Henry didn’t know where to begin. It wasn’t easy sounding sane while telling someone a killer faxed you his victim’s death notice before the murder occurred. But he was determined to try.

He also didn’t know what to make of the woman sitting next to him. Kat Campbell seemed to inject everything she did with relentless drive, whether it was marching out to her patrol car or buckling her seat belt. That quest for efficiency extended to her facial features. Her sharp chin jutted forward while her lips formed a grimace.

Yet Henry noticed small attempts at femininity peeking through her determined personality. Light pink gloss coated her lips. Tiny gold hoops hung from her ears. And some salon-produced highlights colored her obviously darkened hair. All that, coupled with shapely curves that couldn’t be erased by a severely starched uniform, made her look both tough and vulnerable—a soccer mom heading into battle.

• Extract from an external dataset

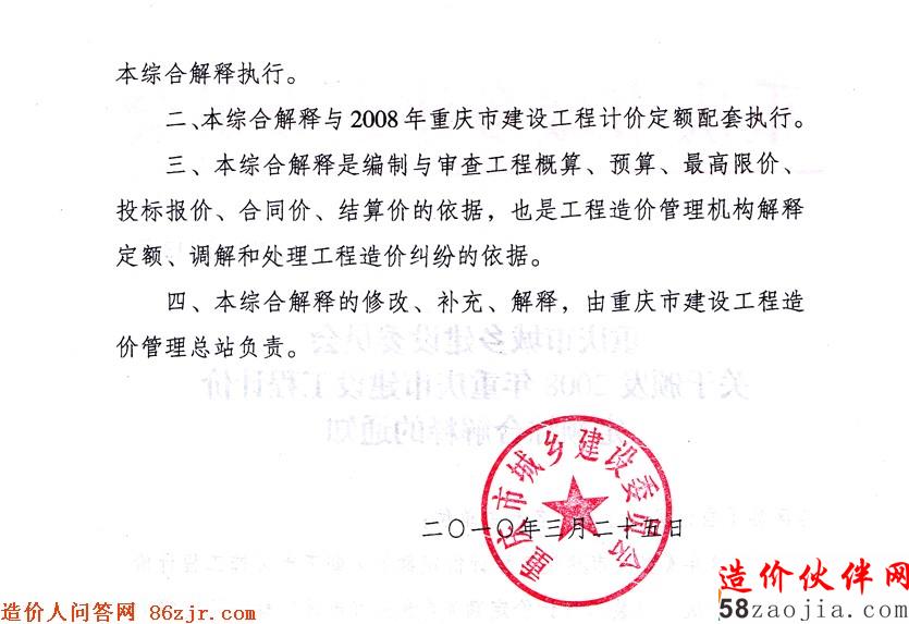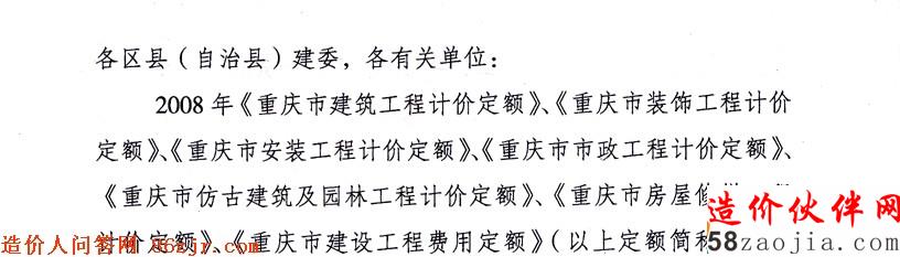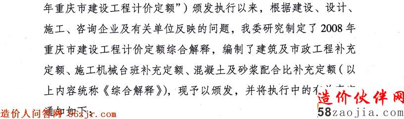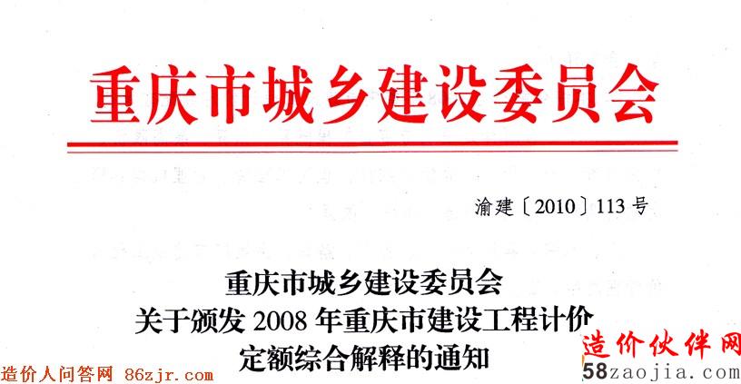 关于颁发2008年重庆市建设工程计价定额综合解释的通知

And she drove like a maniac. Careening out of the station’s parking lot, they barely missed hitting a fire hydrant and had to swerve out of the way of an approaching car.

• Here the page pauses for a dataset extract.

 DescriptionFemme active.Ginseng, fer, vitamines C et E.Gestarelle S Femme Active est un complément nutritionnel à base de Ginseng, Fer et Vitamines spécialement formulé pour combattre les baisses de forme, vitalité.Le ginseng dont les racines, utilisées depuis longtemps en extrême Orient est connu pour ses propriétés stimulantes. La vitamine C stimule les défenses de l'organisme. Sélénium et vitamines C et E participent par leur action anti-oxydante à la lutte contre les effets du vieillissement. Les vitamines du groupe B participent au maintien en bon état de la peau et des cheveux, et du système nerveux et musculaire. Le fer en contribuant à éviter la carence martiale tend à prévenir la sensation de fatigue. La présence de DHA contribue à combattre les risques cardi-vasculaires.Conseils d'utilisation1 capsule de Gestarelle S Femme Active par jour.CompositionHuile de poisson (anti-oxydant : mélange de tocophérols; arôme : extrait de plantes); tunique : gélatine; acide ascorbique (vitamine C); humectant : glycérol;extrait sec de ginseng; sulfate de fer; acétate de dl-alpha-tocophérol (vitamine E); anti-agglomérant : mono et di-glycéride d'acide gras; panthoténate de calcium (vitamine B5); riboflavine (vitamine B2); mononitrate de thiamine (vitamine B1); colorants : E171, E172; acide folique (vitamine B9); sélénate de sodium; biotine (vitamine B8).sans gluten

“First thing,” Kat said, steering through an alley that would take them onto Main Street, “when did you receive the death notice?”

“It was sitting in the fax machine when I got to my office this morning.”

“And what time was that?”

Henry clutched the dashboard as Kat jerked the steering wheel, making a sharp right onto Main Street. “Nine.”

“I found the body just after eight. I’m certain word trickled out to enough people for someone to send it before you got to work.”

“That doesn’t explain the time stamp,” Henry said. “And before you ask, yes, I already checked the fax machine to see if its date and time are set correctly. They are.”

“What about the fax number it was sent from?”

Henry knew what she was talking about. On every fax, the sending number appeared next to the time stamp.

“I don’t recognize it. Which means it wasn’t sent by a funeral home I regularly deal with. Or even by a funeral home at all.”

“So who do you think sent it?”

“If I had to guess,” Henry said, “I’d say it was sent by whoever killed George Winnick.”

On Main Street, traffic was plentiful. A UPS truck idled in the middle of the road, forcing all vehicles behind it to inch their way past. Kat huffed in frustration, her knuckles turning white as she tightened her grip on the steering wheel.

“Have you told anyone else about this?” she asked.

“No. I thought it was best to keep something like this quiet.”

Kat no longer appeared to be listening. Instead, she glanced in her rearview mirror before snapping her head toward the window, her hair whipping across her cheek. With her jaw set and the nostrils of her pert nose flaring, she said, “Hold on.”